Another problem health care facilities face is when a medical emergency, such as a rise in intracranial pressure, arises in a minor child with a head injury, and no parent can be found to consent to the treatment. Without consent, a health care provider risks liability for treating without authorization, i.e., for battery. But if a true medical emergency exists, the legal doctrine of "implied consent" controls the situation. This doctrine states that an individual implicitly gives consent to emergency treatment that would save his or her life or limb. Some states even require that emergency treatment be given by a physician without consent, and provide legal protection for such emergency treatment rendered in goodfaith. Therefore, when a true emergency exists, health care facilities have the implied consent of a minor child with a head injury to render the necessary emergency treatment.

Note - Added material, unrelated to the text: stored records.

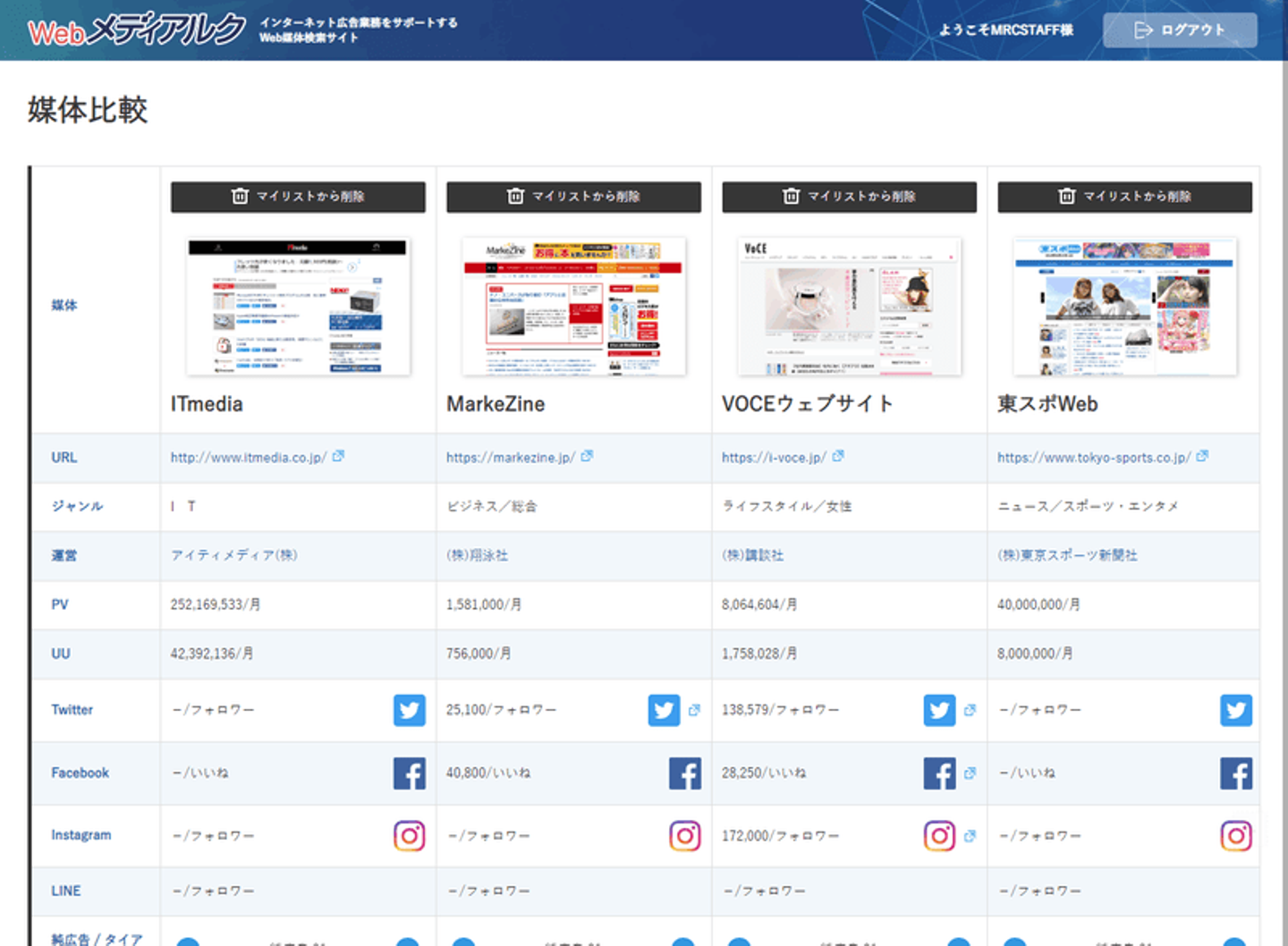 また、メディア・データ電子素材版として、csvデータの提供も行っています。こちらは企業の広告媒体データベースとして活用いただいています。
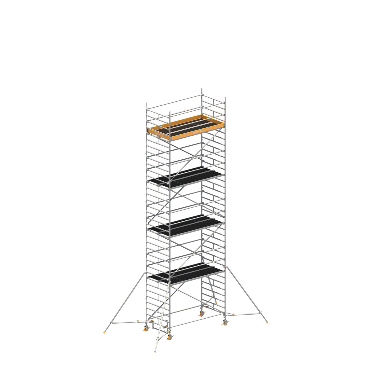 Das Layher Universalgerüst Uni Breit P2 mit dem doppelt breiten Arbeitsboden ist der bequeme Arbeitsplatz in der Höhe.Ideal für Arbeiten mit sperrigem Material und dazu notwendiger Bewegungsfreiheit.Standleitern (1,5 m breit) aus Aluminium für Steckmontage; Geländer und Diagonalen aus Aluminium sind einfach einzurasten.Arbeitsböden aus Aluminium-Rahmen und Sperrholz-Einlage (BFU 100) als Durchstieg für gefahrlosen Innenaufstieg; vorschriftsmäßige Ruhepodeste bereits integriert.Robuste Lenkrollen mit zentrischer Lasteinleitung nach Arretierung für besondere Standfestigkeit sowie Stahlspindeln zum Niveauausgleich.Basisverbreiterung: mit Fahrbalken aus Stahl, teleskopierbar für wahlweises Arbeiten an Decke oder Wand, erst ab 8,60 m Arbeitshöhe notwendig; alternativ mit Gerüststützen.Für noch mehr Sicherheit und komfortablen Aufstieg Stufeneinhängeleitern mit breiten Trittstufen.Arbeits…
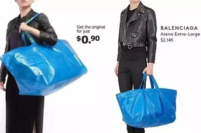 不仅如此,还有我们熟知的宜家同款购物袋,SS17男士小羊皮托特包,售价2145美金,约14200人民币,在宜家仅需9毛钱就可以get到同款。
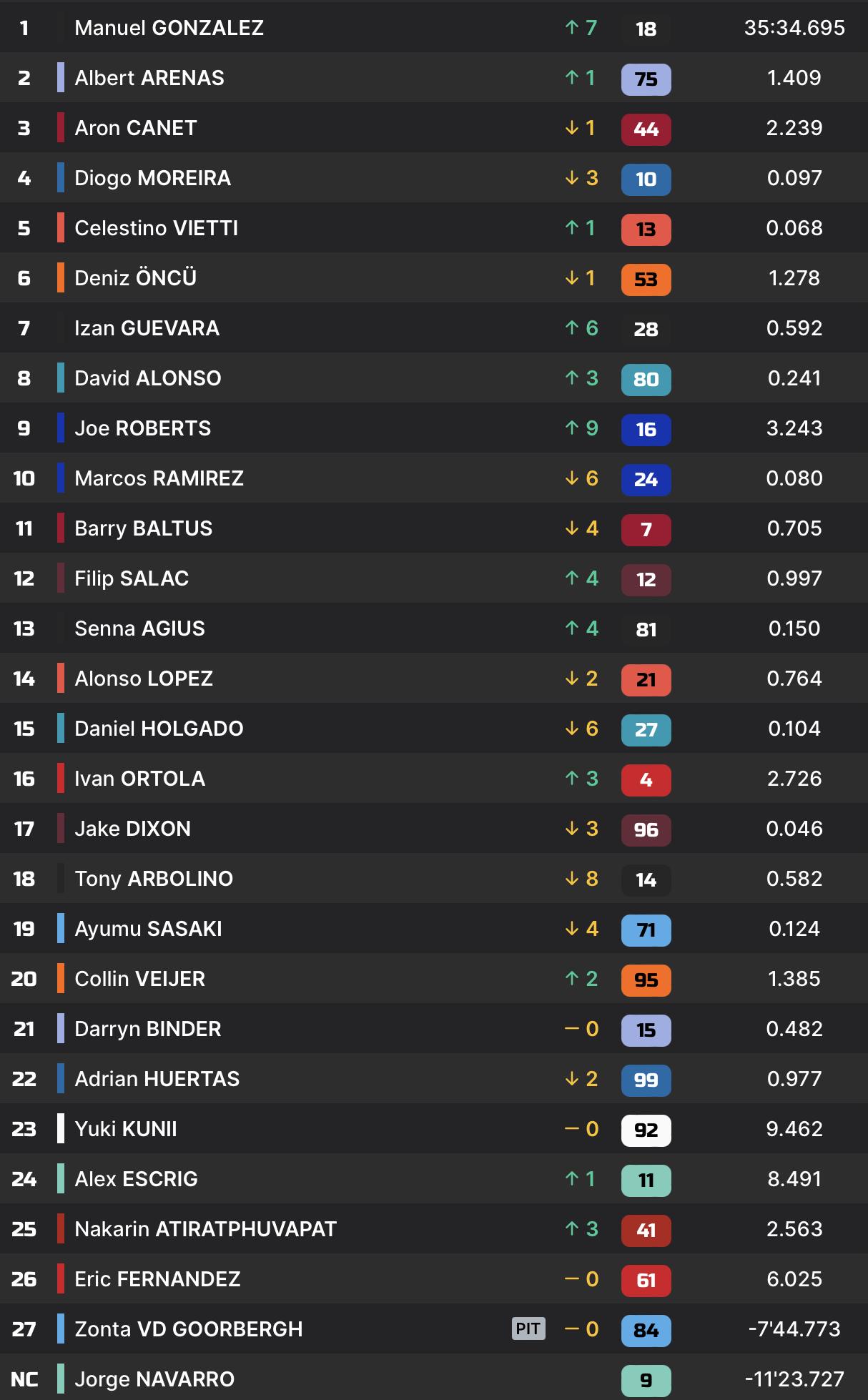 Le rythme ne cessera de s’accélérer en tête de la course, et le duo de tête, toujours composé de Manuel Gonzalez et Albert Arenas pointe une seconde devant Diogo Moreira et Aron Canet au douzième passage. Derrière, Deniz Oncu accuse un retard de trois secondes sur l’Espagnol en cinquième position.
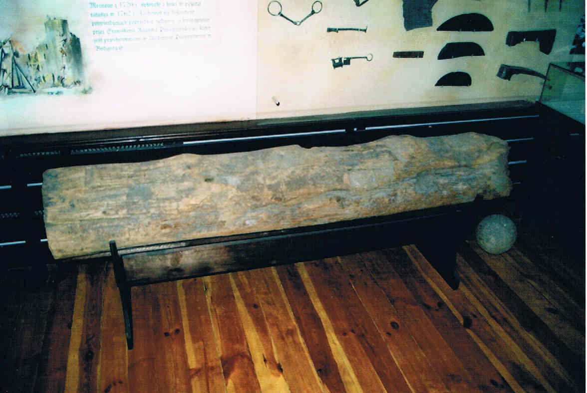 część zamkowej "kanalizacji". fragment drewna z wydrążonym otworem

Informed consent for minor children with head injuries becomes problematic when the minor child turns 18 years old while a patient at a facility. At that age, he or she is considered an adult and, for purposes of medical treatment, is presumed competent to give consent. Nevertheless, in circumstances in which a young head-injured patient over 18 years is incapable by reason of his or her mental disability to provide consent, a guardian should be appointed. The parents of the head-injured child are not automatically the legal authorized representative. The parents or other designate must go to court, where it will be determined whether the young head-injured patient is incompetent and whether the parents or other designate are appropriate as guardians. Only then will they be given specific legal authority to consent to the proposed medical treatment. The latter point is significant because minor children with head injuries often have their parents serve as guardians because of personal injury lawsuits, but this "guardianship" is not necessarily valid for consenting to medical treatment once the patient reaches 18 years. A separate court proceeding regarding guardianship must be held.

Persons who treat pediatric head injuries must be cognizant of the surrounding legal issues so that they can give appropriate treatment without risking any legal liability.